I watched him drink and wondered what game he played.
Chapter 4
The same man who had kicked me in the head, a captain named Thian, led our little convoy away from Aydor’s small encampment. Aydor had no more than twenty Riders and a few hundred troops. Everything about his encampment was bedraggled and careworn, a ragged collection of patched tents festooned with yellow and purple pennants which hung impotently in the still air. Four mounted men headed our column and six on foot brought up the rear. The troops walking with us were subdued and edgy, whether this was because we would walk into enemy territory or because they were men and women who knew they were on the losing side I had no idea, but it did not make me f
eel any more comfortable with the situation. At some point I would have to make a decision about where we headed and talk to the man who led us, but for now there was only one road to follow and I would choose my fork when I found it. For the moment I maintained a sullen silence and plodded along with the draymount, worrying about my master and dwelling on all the harsh words that had passed between us since we were last in Maniyadoc.
I glanced at the healer who cared for my master. I could not hear her breathing and only the occasional soft groan told me she still lived. When he caught my eye I looked away, though more than anything I wanted to ask how she was, but at the same time I was frightened of the answer he may give. When I finally approached him he raised his face to me, dark skin and deep brown eyes under a sharp, intelligent brow. I wondered if he came from the same faraway lands as my master.
“How is she?”
“Ill, very ill,” he said, “and the cart does not help.”
“Oh …” I began and the cart hit a rut, making my master moan as if she were stuck in a nightmare and he turned back to her. I waited but he did not look back to me, his entire attention focused on her in a way that made me uncomfortable. When next I looked his way he had returned to the mortar he was grinding strong-smelling spices in, and I thought it best to leave him to his work.
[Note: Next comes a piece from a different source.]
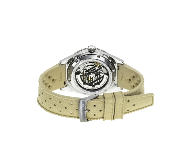 Conçue à la fin des années 1960 pour répondre aux exigences du marché nord-américain, la Nautic 666, surnommée "Devil Diver", est rapidement devenue une montre emblématique dans le domaine des montres de plongée. Reconnue pour sa résistance et son design distinctif, cette montre étanche de la marque LIP est capable de résister à des profondeurs allant jusqu’à 200 mètres, faisant d’elle un choix parfait pour les passionnés de plongée et de sports nautiques. Son boîtier de 39 mm en acier inoxydable 316L brossé assure une protection maximale contre la corrosion et les chocs, garantissant une robustesse à toute épreuve. La montre est équipée d’une lunette tournante unidirectionnelle de 90 clics avec un insert en aluminium anodisé gris, ce qui lui confère à la fois une grande fonctionnalité et un aspect esthétique unique. Le cadran noir soleillé, d’une finesse remarquable, recouvre le calibre LIP R26, un mouvement mécanique à remontage automatique fabriqué à Besançon. Ce calibre historique marque une étape importante dans l’histoire de LIP, étant le premier mouvement automatique produit depuis les ateliers bisontins après Fred LIP. Parfaite pour les passionnés de plongée, la Nautic 666 est protégée par un verre saphir légèrement bombé, traité antireflet sur les deux faces pour une lecture optimale, même dans des conditions de faible luminosité, tandis que le dateur est équipé d’une loupe pour en faciliter la lecture. De plus, les index luminescents "old radium" assurent une visibilité excellente, même dans l’obscurité et sous l’eau. Le bracelet de cette montre de plongée est en élastomère beige et se ferme avec une boucle à ardillon chromée siglée LIP, garantissant un maintien fiable et un confort optimal. Le fond transparent vissé, orné d’un verre plat, permet d’observer le mouvement automatique de fabrication française tout en dévoilant le balancier oscillant à 3 hertz. Le logo LIP est visible à travers les mouvements de la masse oscillante, ajoutant une dimension esthétique à son fonctionnement technique. Avec une étanchéité garantie jusqu’à 200 mètres de profondeur, la Nautic 666 est une montre de plongée exceptionnelle. Bien que chaque modèle soit numéroté individuellement, cette montre n’est pas une édition limitée, offrant ainsi une disponibilité continue pour les collectionneurs et les amateurs de belles montres.

Even though yearsbirth brought her green cloak to Maniyadoc it felt like a very different place to the one I had left five years ago. Entire villages had been reduced to a few blackened poles, and green shoots forced their way through the rotted remains of ungathered crops. We passed stumps where copses of trees had been struggling on their way to becoming woods before they were cut down to make siege machines. An hour later the machines themselves came into view. The slender towers of catapult arms rose above the grassland like the necks of the huge herbivores I had seen in lands far away where sorcerers’ wars had not bitten as deep and people did not even know of the Tired Lands or care for its horrors – mostly because they had invented their own.